Une étude de la Banque centrale européenne (BCE) révèle que les cryptomonnaies ne sont plus une niche. En Belgique, une famille sur dix – et souvent plusieurs membres d’une même famille – posséderait des cryptomonnaies. Ce sont pour la plupart de petits investisseurs: une majorité d’entre eux possèdent moins de 5.000 euros de cryptoactifs, un grand groupe en détenant pour moins de 1.000 euros.
“Le taux d’adoption est actuellement de 10%, en effet”, confirme Gerrie Smits. “Il s’agit d’un nouvel actif numérique, créé à partir de la technologie de la blockchain. Il existe un marché pour ces actifs, et certaines personnes gagnent même pas mal d’argent sur ces investissements.”
Les investisseurs s’intéressent très logiquement aux moyens rapides de réaliser un profit, quand le compte d’épargne ou l’emprunt obligataire ne rapportent plus rien. Mais le fait qu’ils puissent aussi perdre beaucoup d’argent est apparu clairement en mai avec le krach de LUNA, le token de la blockchain Terra. Le cryptomarché a alors vu des milliards de dollars partir en fumée.

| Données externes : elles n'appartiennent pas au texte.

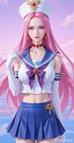 1girl,sailor senshi uniform,solo,jewelry,skirt,gloves,earrings,blue skirt,white gloves,sailor collar,bow,breasts,choker,elbow gloves,magical girl,back bow,covered navel,pleated skirt,looking at viewer,brooch,purple bow,heart brooch,red choker,miniskirt,closed mouth,large breasts,collarbone,red gemstone,tiara,cowboy shot,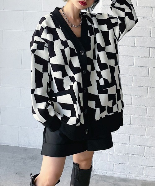 程よい厚みと張り感が特徴のニットカーディガン 裏表に違う色の糸を使用した無地の配色Wフェイスニットと、幾何学柄ジャガードの2パターンの展開です! 無地は、袖山のハンドステッチや、後ろ中心とアームホールの配色ラインがポイントに◎ ジャガードは、アームホールのラインと、大きめの柄行きの幾何学柄がトレンド感のある雰囲気に見せてくれます! 太めの前立てもカジュアルな印象に 縦長に作られたボックスシルエットは、オーバーサイズなのに着用すると縦長にすっきりと見え、こなれ感のある雰囲気に仕上げてくれます。 しっかりとした素材感なので、季節の変わり目のライトなアウターとしても活躍してくれます。 パンツにもスカートにも合わせやすい丈感で、着回し力抜群のアイテムです! ◆手洗い可◆ ご自宅で手洗いができる商品です。 〈注意事項〉 ・サンプルにて撮影をしておりますので、実際の商品とは素材やボタン等の仕様・加工・サイズ等が若干異なる場合がございます。 ・モニター・環境等により実際の商品と色味が多少異なって表示される場合がございます。予めご了承をお願いいたします。 ・撮影環境により、光の当たり具合で色味が違って見える場合があります。あらかじめご了承下さい。 ▼気になるアイテムは《お気に入り登録》がおすすめです! 完売カラーの再入荷情報、セール情報、ラスト1点の通知を受け取ることができます! ▼《ブランドのお気に入り登録》で新商品や再入荷などのお得な情報をいち早くお知らせします。

La BCE a lancé des avertissements à ce sujet à plusieurs reprises: les cryptomonnaies seraient trop volatiles et représenteraient un risque pour la stabilité du système financier. La Banque centrale européenne préconise de réglementer le commerce des cryptomonnaies. Dans la mesure où les transactions sont largement anonymes, elles servent en effet régulièrement pour des activités criminelles.
Réglementation
“Les cryptomonnaies ont mauvaise presse”, admet Gerrie Smits. “Et c’est fréquemment justifié… mais pas toujours. La BCE considère les cryptomonnaies comme une menace pour la stabilité financière, c’est vrai. Mais le Parlement européen prend des mesures visant à élaborer des réglementations qui maintiennent les cryptomonnaies dans un cadre, sans les interdire. En particulier, une législation est nécessaire dans le contexte des règles de traçabilité de l’argent et de lutte contre le blanchiment.”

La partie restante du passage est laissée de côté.